- Directed by: Alex Infascelli
- Written by: Alex Infascelli Filippo Ulivieri Vincenzo Scuccimarra
- Produced by: Inti Carboni Federica Paniccia Alex Infascelli Lorenzo Foschi Davide Luchetti
- Starring: Emilio D'Alessandro Janette Woolmore Alex Infascelli
- Cinematography: Edoardo Carlo Bolli Gigi Martinucci
- Edited by: Alex Infascelli
- Music by: John Cummings
- Distributed by: Rat Pac Documentary Films (North America)
- Release dates: October 2015 (Rome Film Festival); 2016;
- Country: Italy
- Languages: English Italian

= S Is for Stanley =

S is for Stanley – 30 Years Behind the Wheel for Stanley Kubrick (S Is for Stanley – Trent'anni dietro al volante per Stanley Kubrick) is a 2015 Italian documentary film co-written and directed by Alex Infascelli. It depicts the relationship between celebrated director Stanley Kubrick and his personal chauffeur and assistant, Emilio D'Alessandro. It was produced by Kinethica and Lock And Valentine. It is based on D'Alessandro's autobiography Stanley Kubrick and Me.

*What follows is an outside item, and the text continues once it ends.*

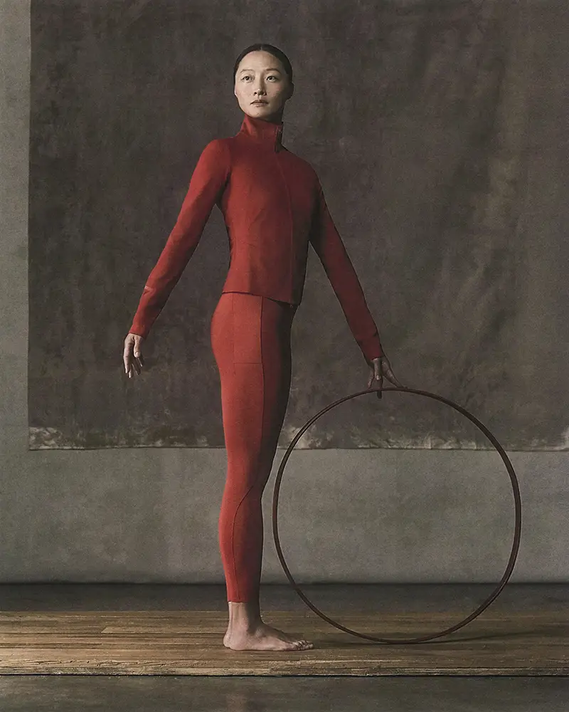 Cada prenda ha sido concebida como parte de un conjunto versátil, diseñado para mezclarse y adaptarse, fiel al principio creativo de Entire Studios. El cuidado por el detalle se refleja también en la paleta cromática: tonos neutros y apagados que remiten a la estética característica de la firma angelina, complementados con un intenso color granate que evoca energía, ritmo y potencia de movimiento.

The film won the 2016 David di Donatello Award for Best Documentary. It was also nominated at the 2016 European Film Awards for best documentary film.

The film also won the Master of Art film Festival in the Best Documentary in Theatre and Cinema section.

S is for Stanley has been distributed theatrically in Italy on 30 May 2016 and had its theatrical premiere in the United States in New York at the IFC Centre on 27 January 2017, as part of a Stanley Kubrick series.

It was released for home media on Netflix in North America (US and Canada) on 15 June 2017.